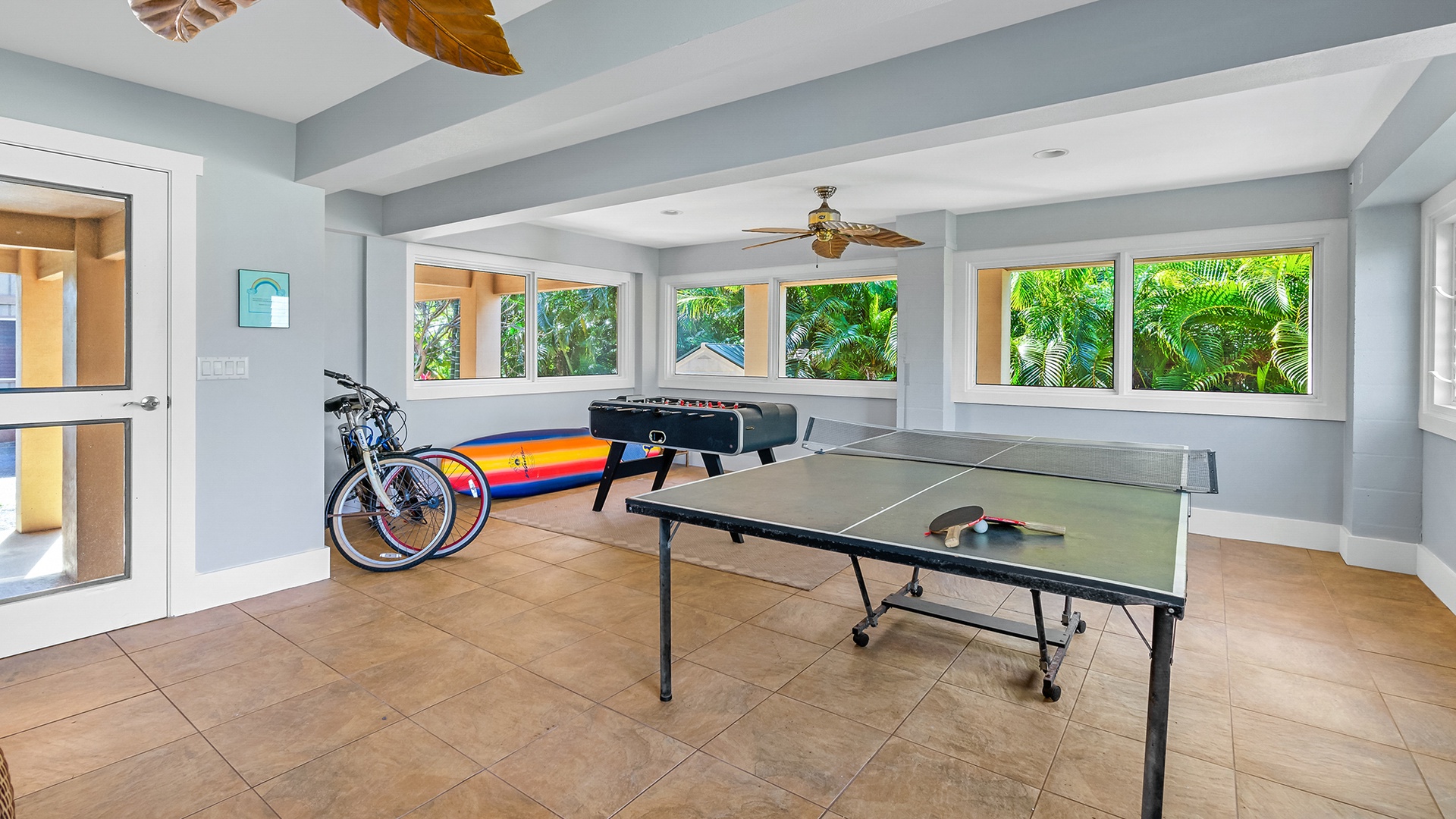 This home is very comfortable for big families or multiple couples. The bedrooms are very private with 2 bedrooms upstairs on opposite sides of the home. The third bedroom with a queen and double bed (very roomy) downstairs. Each bedroom has its own bathroom with shower. My grandkids loved the playroom with ping pong and foosball table. Brennecke\'s restaurant is practically next door and the beach is across the street. The owner, Kelly is quick to handle anything that might come up. We had a most enjoyable stay, really enjoying the lanai watching the ocean. It had everything we needed to have a great vacation.
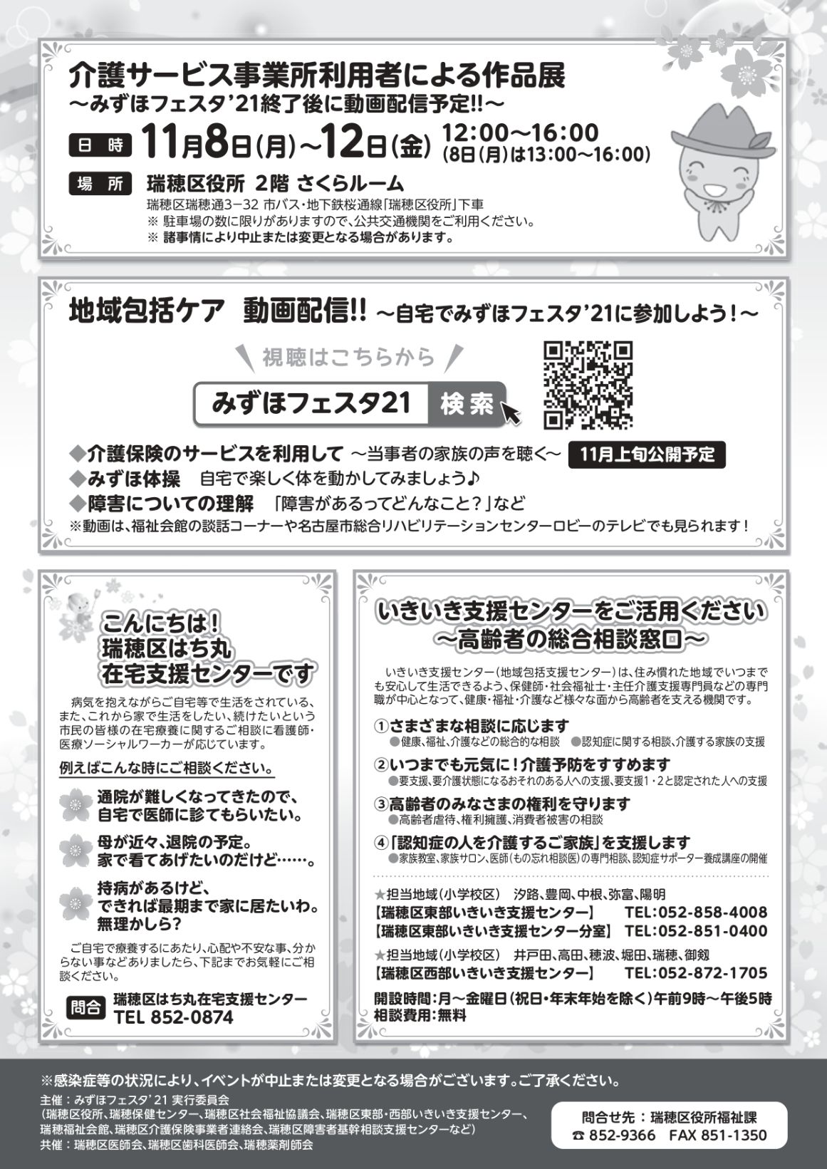 2021年11月、市民講演会や介護サービス利用者による作品展などのプログラム『みずほフェスタ’21』が今年も開催されます。
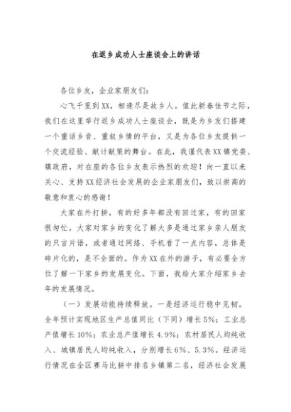 / 【七哥公文】2024年:在返乡成功人士座谈会上的讲话+更多免费公文+VX:QiGeGongWen2024
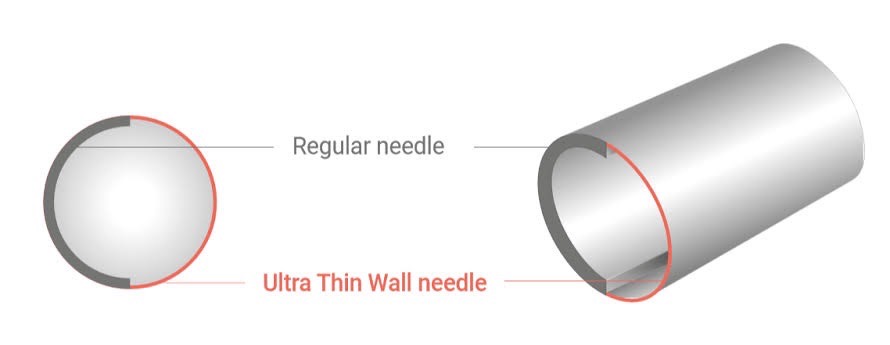ฟิลเลอร์เกาหลีกล่องทอง ประกอบด้วย 0.3% Lidocaine เพื่อลดอาการเจ็บปวดของคนไข้ระหว่างการทำหัตถการ ด้วยเข็มชนิดผนังบางพิเศษ (Ultra thin Wall Needle) ที่พัฒนามาอย่างเหมาะสมสำหรับฟิลเลอร์เกาหลีกล่องทอง เพื่อลดอาการเจ็บ และบวม หลังจากการทำหัตถการ
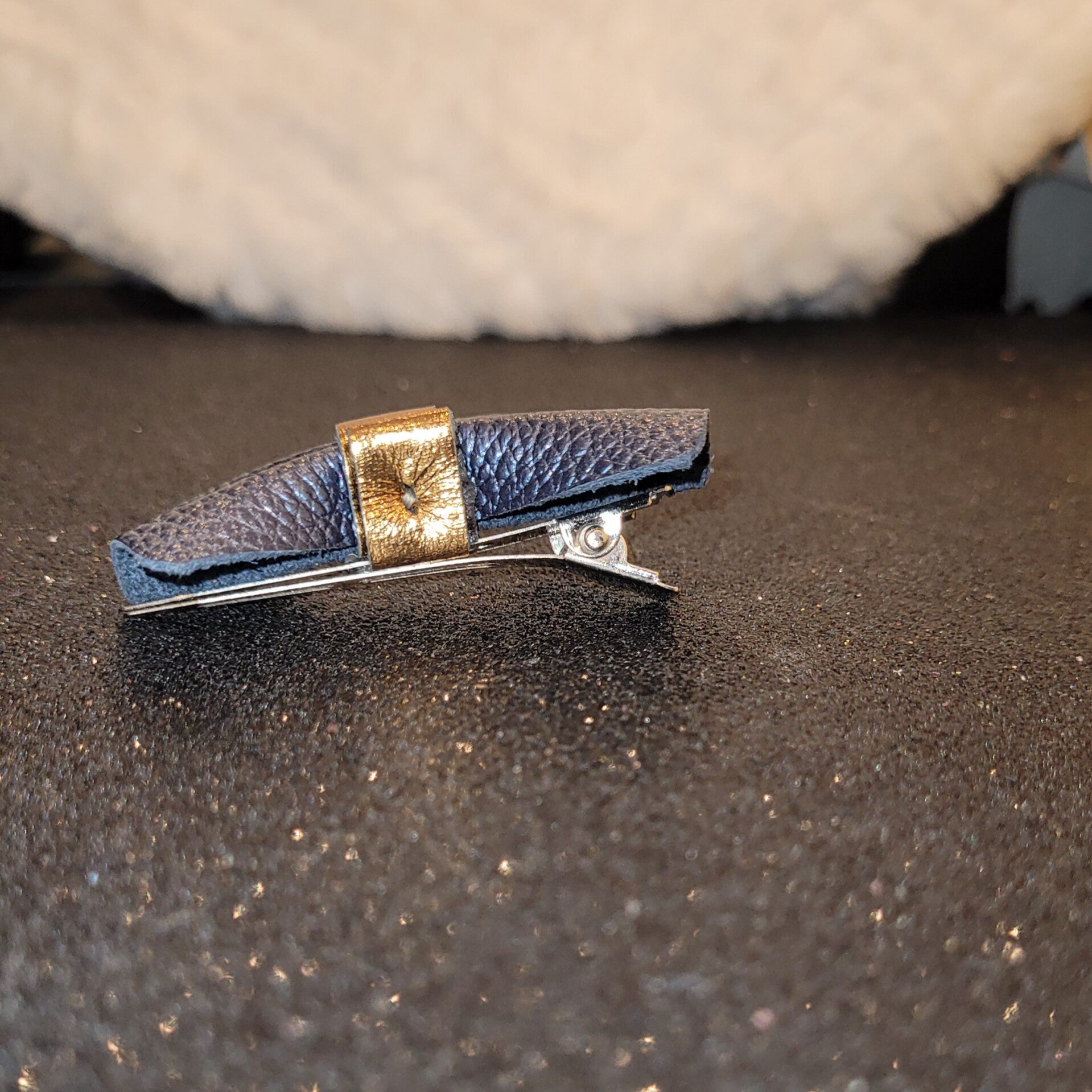 Pince à cheveux - mini nœud papillon en cuir bleu irisé

Brief: The whole listing, minus its images, should be repeated exactly.

Exercise output:
 This home is very comfortable for big families or multiple couples. The bedrooms are very private with 2 bedrooms upstairs on opposite sides of the home. The third bedroom with a queen and double bed (very roomy) downstairs. Each bedroom has its own bathroom with shower. My grandkids loved the playroom with ping pong and foosball table. Brennecke\'s restaurant is practically next door and the beach is across the street. The owner, Kelly is quick to handle anything that might come up. We had a most enjoyable stay, really enjoying the lanai watching the ocean. It had everything we needed to have a great vacation.
 2021年11月、市民講演会や介護サービス利用者による作品展などのプログラム『みずほフェスタ’21』が今年も開催されます。
 / 【七哥公文】2024年:在返乡成功人士座谈会上的讲话+更多免费公文+VX:QiGeGongWen2024
ฟิลเลอร์เกาหลีกล่องทอง ประกอบด้วย 0.3% Lidocaine เพื่อลดอาการเจ็บปวดของคนไข้ระหว่างการทำหัตถการ ด้วยเข็มชนิดผนังบางพิเศษ (Ultra thin Wall Needle) ที่พัฒนามาอย่างเหมาะสมสำหรับฟิลเลอร์เกาหลีกล่องทอง เพื่อลดอาการเจ็บ และบวม หลังจากการทำหัตถการ
 Pince à cheveux - mini nœud papillon en cuir bleu irisé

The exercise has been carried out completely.